動画の場合はパスではなくファイルを指定して1個だけ処理させる。
推論時のGPU数とプロセス数を指定する必要がある(下記参照）

[Sample Code]
# single gpu and single process inference
CUDA_VISIBLE_DEVICES=0 python inference_realesrgan_video.py -i inputs/video/onepiece_demo.mp4 -n realesr-animevideov3 -s 2 --suffix outx2

# single gpu and multi process inference (you can use multi-processing to improve GPU utilization)
CUDA_VISIBLE_DEVICES=0 python inference_realesrgan_video.py -i inputs/video/onepiece_demo.mp4 -n realesr-animevideov3 -s 2 --suffix outx2 --num_process_per_gpu 2

# multi gpu and multi process inference
CUDA_VISIBLE_DEVICES=0,1,2,3 python inference_realesrgan_video.py -i inputs/video/onepiece_demo.mp4 -n realesr-animevideov3 -s 2 --suffix outx2 --num_process_per_gpu 2

【オプション】
●--num_process_per_gpu：The total number of process is num_gpu * num_process_per_gpu.
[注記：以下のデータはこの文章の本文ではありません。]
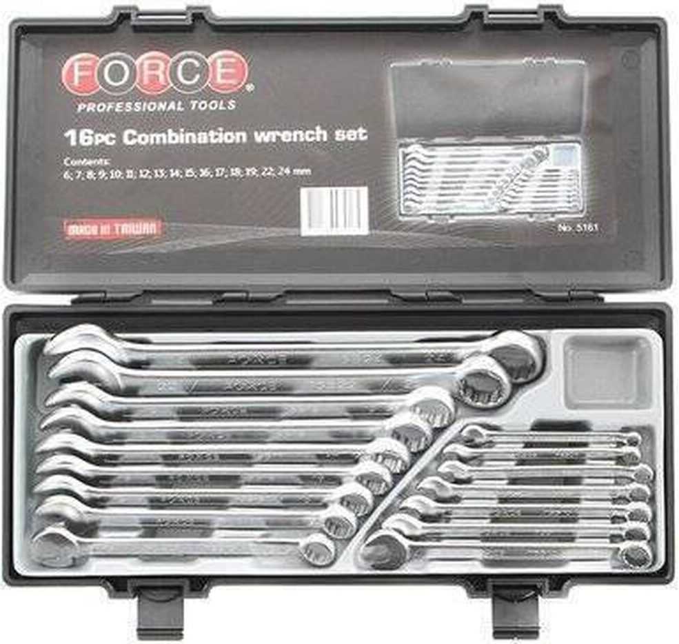 Эта сборка продается в кейсе из крепкого пластика. Это дает дополнительный комфорт в содержании инструмента и переноске. В кейсе предусмотрены выемки для размещения приборов, каждая ячейка промаркирована для комфортной навигации. В коробке располагаются 16 ключей в размерном диапазоне 6-24мм., сделаны из стали, устойчивы перед повышенными нагрузками. В продаже доступны по средней цене от 3529 руб.

The bottleneck of the program lies on the IO, so the GPUs are usually not fully utilized. To alleviate this issue, you can use multi-processing by setting this parameter. As long as it does not exceed the CUDA memory
●--extract_frame_first：If you encounter ffmpeg error when using multi-processing, you can turn this option on.

５－２．実演１：シンプルVer.

　Google ColabではシングルGPU、シングルプロセスを指定して処理させることでエラーなく実行できました。
　サンプルはinputsフォルダにある"onepiece_demo.mp4"を使用しました。

[IN]
!CUDA_VISIBLE_DEVICES=0 python inference_realesrgan_video.py -i inputs/video/onepiece_demo.mp4 -n realesr-animevideov3 -s 2 --suffix outx2

【処理前：動画サイズ579kB】

【処理後：動画サイズ1080K】

　別サンプルとして「ビジ動サンプル動画」の動画も使用してみました（コードは-iオプションの指定パス変更のみ）。

【処理前：動画サイズ743kB】

【処理後：動画サイズ6518K】

６．Fine Tuning（自前データセットで学習）

追って

参考資料

参考資料１：実装

参考資料２：技術

参考資料３：その他

あとがき

　昔の写真を綺麗に見たいという需要もあるけど個人的には昔(昭和)のテレビを高画質で見てみたい！

　TecoGANもやりたかったけど実装が地獄だったので似たような結果になるならあきらめよう・・・・後そろそろしっかり論文を読めるようにならないと発展が弱い・・・・